Jordanian politician

Mohammad Enad Al-Fayez (محمد عناد الفايز) (born 18 March 1968 in Amman) is a Jordanian politician and former member of the Jordanian Parliament who was dismissed from parliament following his message to Prince Mohammed Bin Salman that requested that he suspend aid to Jordan until more anti-corruption measures were in place.

== Early life ==
Al-Fayez was born in Amman in 1968 to Sheikh Enad Mohammad Al-Fayez and Sheikha Sultana Bint Mithqal Al-Fayez. His maternal grandfather is Mithqal Pasha Al-Fayez. He is a cousin of former Jordanian Prime Minister Faisal Al-Fayez.

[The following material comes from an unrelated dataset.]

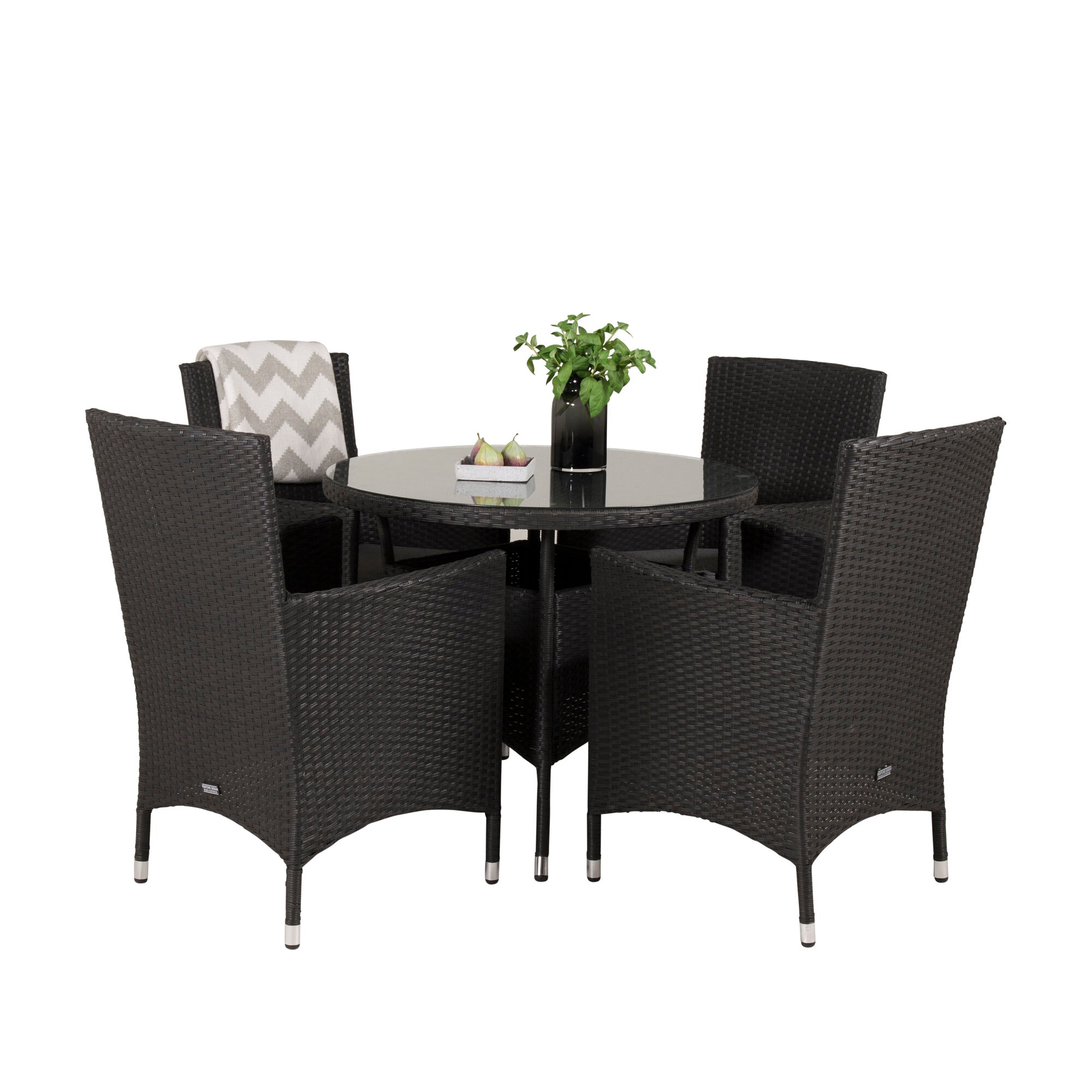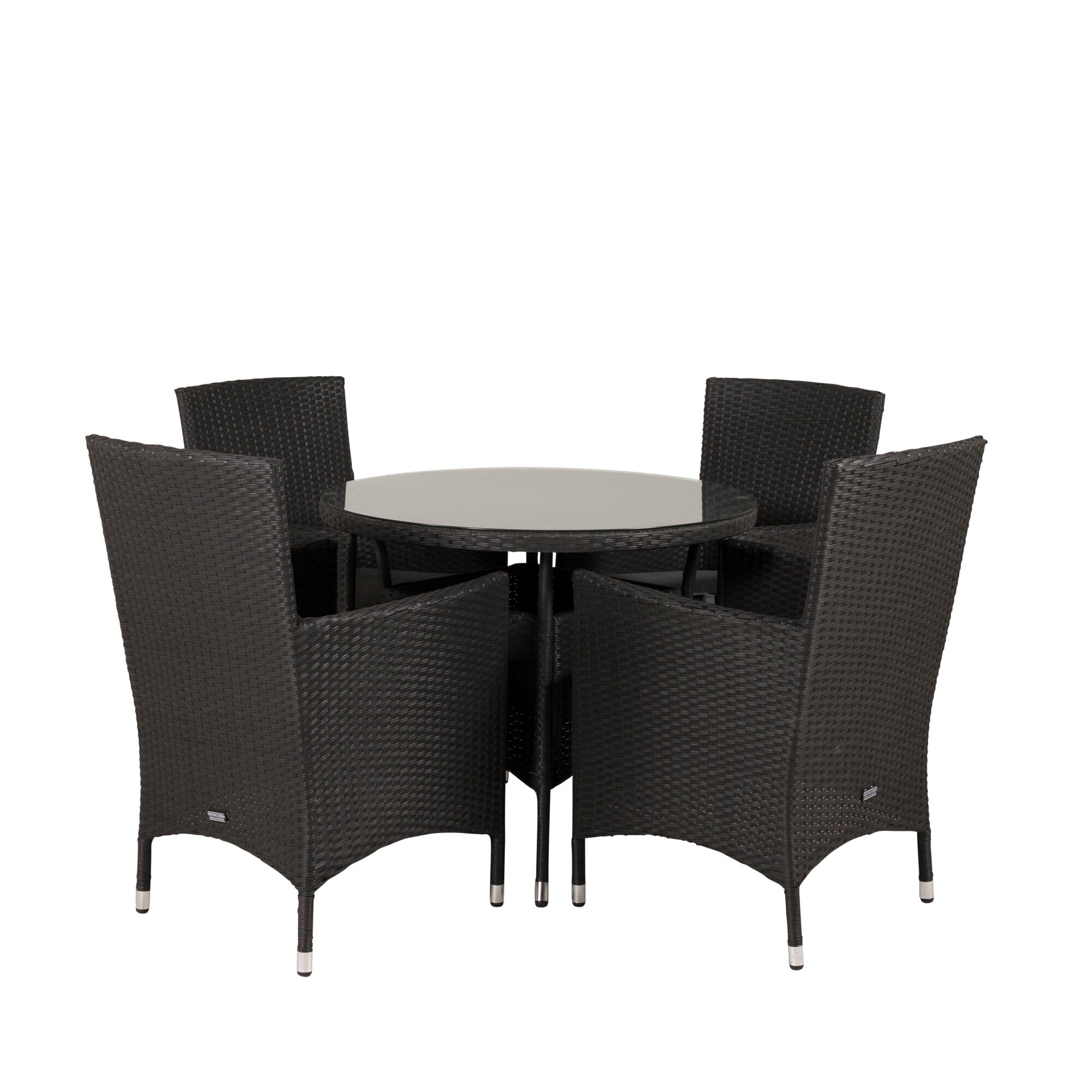 Volta - Stůl - 90 ø - Černá proutěná/skleněná deska (1) + Malin - Jídelní židle - Černá

He earned a degree in political science from the University of Jordan and completed his master's degree in International Relations in the U.K.

== Career ==
In 2020 Al-Fayez became an MP on 10 December 2020. He lost a race against Abdulmunim Ouddat for the position of Speaker of the Lower House, earning 26 out of 115 votes.

In 2023, Al-Fayez urged Crown Prince of Saudi Arabia, Mohammed Bin Salman, to suspend aid to Jordan, claiming that "this aid only goes to a corrupt class that is getting richer at the expense of the proud Jordanian people". After his comments, Al-Fayez resigned his position, despite many Jordanians asking him to stay. On 18 January he was expelled from the Lower House with 92 votes out of 110 supporting this decision, officially for "disfiguring the kingdom's reputation".

Al-Fayez chose to donate his entire salary as an MP, which he was accused of "unjustly receiving financial allocations during his absence from Parliament".